New Delhi, Oct 30 (UNI) Senior counsel F S Nariman, opening the arguments on behalf of petitioners challenging the constitutional validity of Article 31 (B), giving power to Parliament to put any law or amendment in Ninth Schedule of the Constitution to debar judicial scrutiny, told the nine judges' constitution bench of the Supreme Court, that Parliament cannot debar the judicial review lock, stock and barrel.

Mr Nariman also contended before the nine judges bench headed by the Chief Justice Y K Sabharwal that it was not be permissible for Parliament to put all laws lock, stock and barrel in the Ninth Schedule just with a view to debar the court from examining the validity of a particular law.

Other judges of the bench are Justices Ashok Bhan, Arijit Pasayat, B P Singh, S H Kapadia, C K Thakkar, T K Balasubramanyan, Altamas Kabir and D K Jain.

Mr Nariman also told the apex court that till 1973 only laws related to land reforms were put in the Ninth Schedule and nobody ever challenged those acts of Parliament in taking the agrarian laws out of the purview of the interpretation of such laws by the courts.

After 1973, Parliament also started putting other laws in the Ninth Schedule, to make them immune from judicial examination.

At one stage, the Chief Justice remarked, ''As per Article 368 of the Constitution, there is a limitation and if a law is destructive of the basic structure of the Constitution, then it cannot be placed in the Ninth Schedule.'' The court also made queries on whether the government can revive a law which has been struck down by the court as unconstitutional, by putting the same in the Ninth Schedule, that is to say 'reviving a dead body'.

Mr Nariman further submitted that a law struck down by the apex court as invalid has to be re-enacted by Parliament and only then it can be revived and such law cannot be revived by simply putting it in Ninth Schedule.

The court wanted to know from the petitioners' counsel whether mode prescribed in law has to be followed or not.

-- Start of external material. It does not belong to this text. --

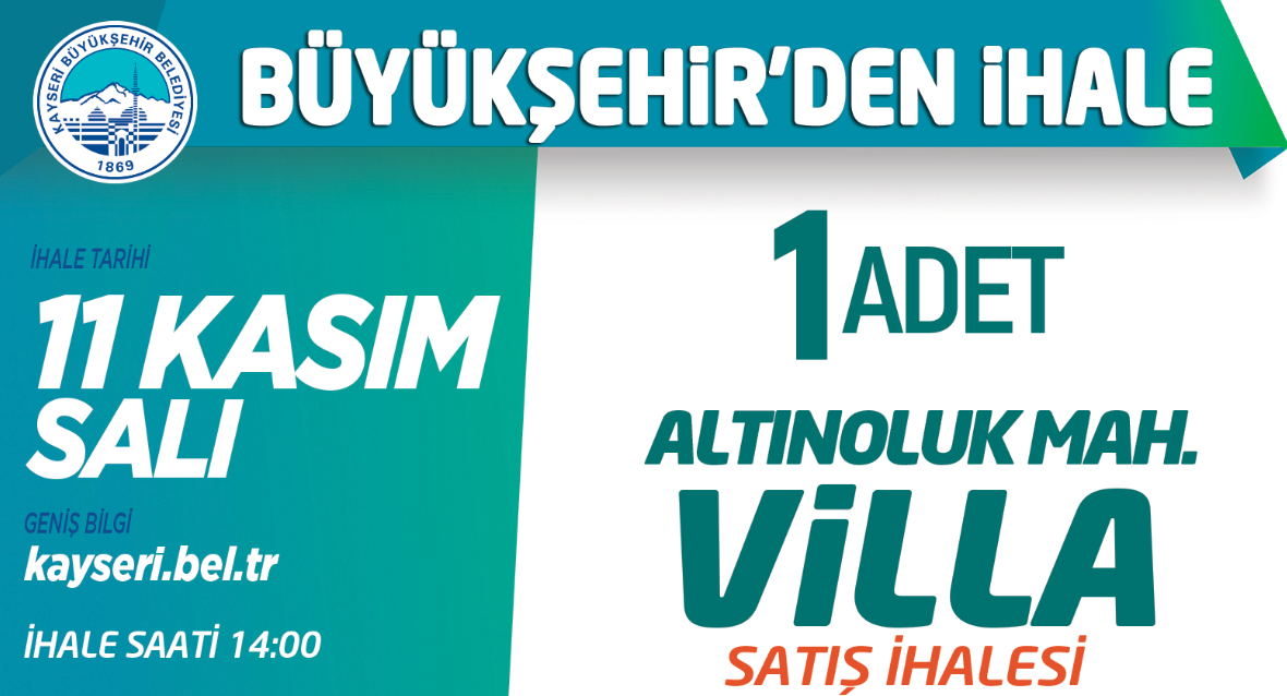 Büyükşehir Belediyesi’ne ait Melikgazi ilçesi Altınoluk Mahallesi'nde bulunan 1 adet villa, “Açık Teklif Usulü” ihale ile satılacak. Mülkiyeti Kayseri Büyükşehir Belediyesi'ne ait olan Melikgazi ilçesi Altınoluk Mahallesi'ndeki 1 adet villayı ihale ile satışa çıkarıyor. İhale, 11 Kasım 2025 Salı günü saat 14.00'te gerçekleştirilecek.

Mr Nariman remarked in lighter vein ''There is no procedure in the state to apply mind.'' He also told the court that till date there are 285 laws put in the Ninth Schedule to avoid judicial scrutiny.

He also told the bench that not only a constitutional amendment but even a declaration by the legislature of a policy matter can be taken out of the ambit of judicial scrutiny by using the Ninth Schedule and hence, the state and Parliament virtually enjoy unfettered power to avoid judicial examination or interpretation of any law they (read parliament and government) deem fit.

According to Mr Nariman Article 31 (B) of the Constitution is, therefore, violative of the basic structure of the constitution as no unfettered power can be given to the government or the legislature to act according to their free will irrespective of the fact, whether these actions were in accordance with the constitutional provisions or not.

Mr Nariman quoted from the seven-judge Constitution bench of the apex court holding that power of judicial review over legislative action vested in the High Courts under Article 226 and the Supreme Court under Article 32 is an integral and essential feature of the Constitution, constituting part of its basic structure and the jurisdiction conferred upon the High Courts under Articles 226/ 227 and upon the Supreme Court under Article 32 of the Constitution is a part of the inviolable basic structure of our Constitution.

The court also enquired from Mr Nariman whether the standard for examining an ordinary law and a Constitutional Amnedment which are sought to be put in the Ninth Schedule would be the same.

The arguments shall continue tomorrow.